Podcast: The Afterlife of Trees


Popular Woodworking Magazine has just a launch a new podcast that….

Wait, wait. Where are you going? Give me a few moments to explain. Look, we know the woodworking world has enough podcasts. So when Scott Francis decided to create “The Afterlife of Trees,” a lot of the discussion was about what the podcast wouldn’t be about.

It’s not shop talk. It’s not answering the questions of listeners. It’s not about the projects we’re working on or discussion of our favorite tools. All those are great topics for podcasts that already exist. But the world doesn’t need another one of those.

AoT_logoSo what is “The Afterlife of Trees” about? It’s about stories.

If you like shows such as “Radio Lab,” “This American Life,” “Dan Carlin’s Hardcore History” or “Stuff You Missed in History Class,” you might like this podcast. We want to tell the stories behind the craft. And if they’re a little odd, then all the better.

In the first episode we tell the story of Eugene Sexton and our efforts to publish an article about his miracle process called ESP-90. This process allowed Sexton to (among other things) dry wood quickly without it checking.

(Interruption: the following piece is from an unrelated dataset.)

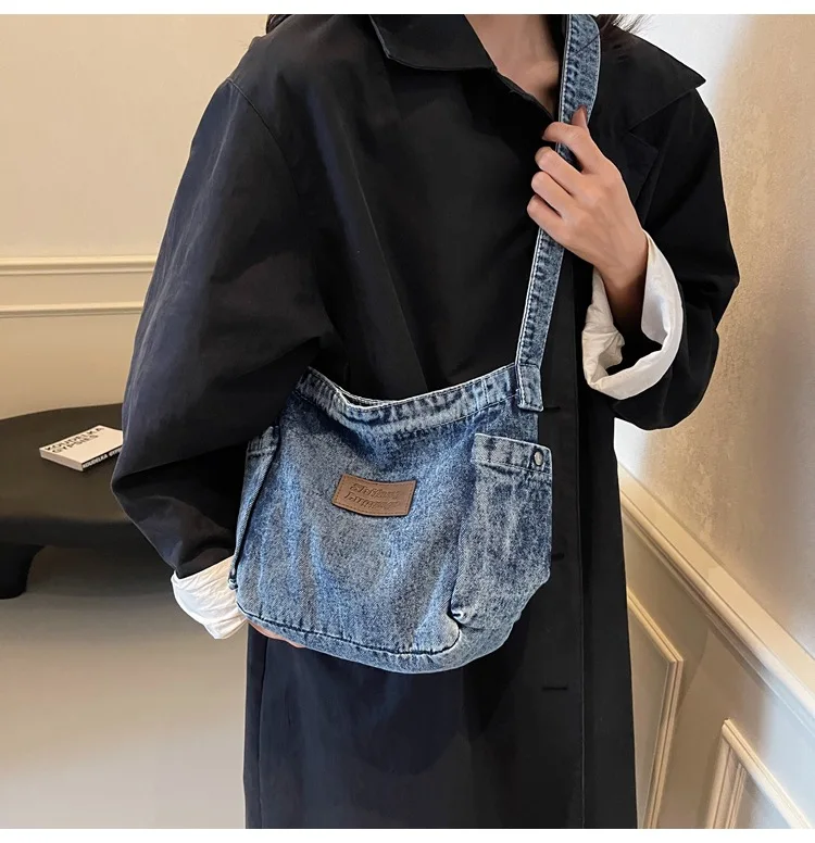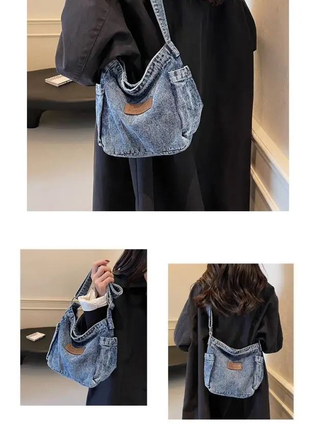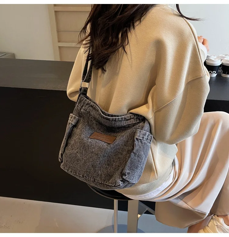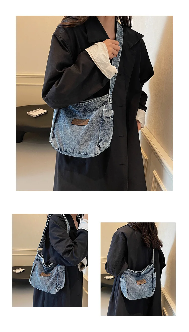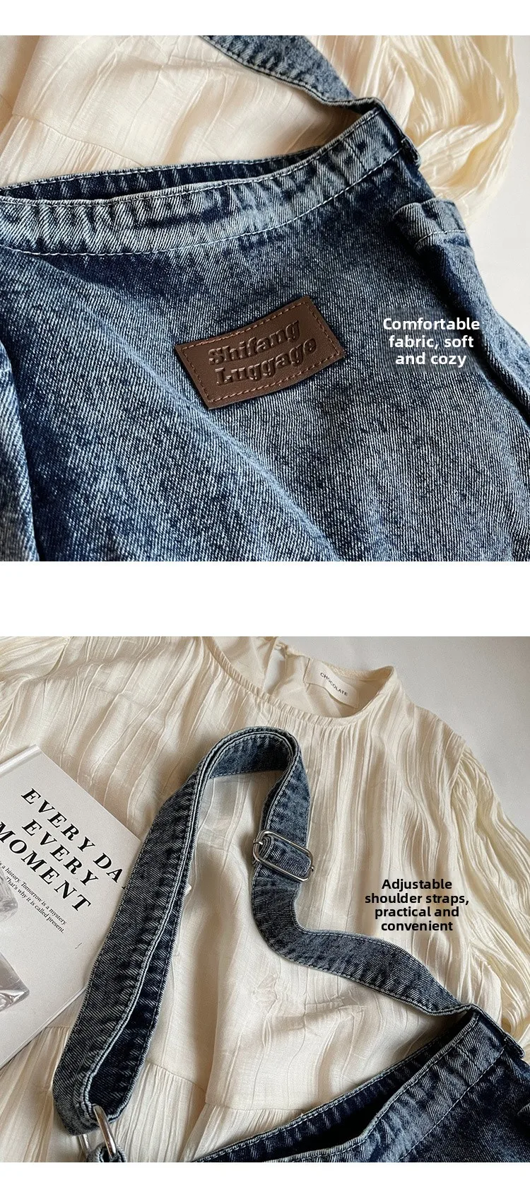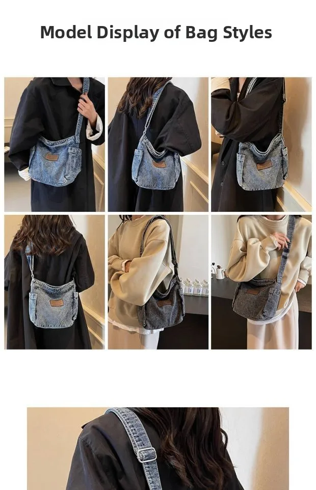 Este saco de mochila de jeans apresenta um estilo retro e simples, perfeito para quem gosta de um look casual e elegante.

In other words: It didn’t matter if the pith of a tree was in the board – it wouldn’t crack.

Many people have dismissed Sexton. But perhaps there is something to ESP-90. We have some wood treated with the process that is puzzling and seems to defy the rules of wood movement. Oh, and we discuss the “green bean of immortality.”

You can download the podcast for free via iTunes.

I’m not sure when the next episode will be released. But we’ll let you know here when it’s up.

— Christopher Schwarz

About Lost Art Press

Publisher of woodworking books and videos specializing in hand tool techniques.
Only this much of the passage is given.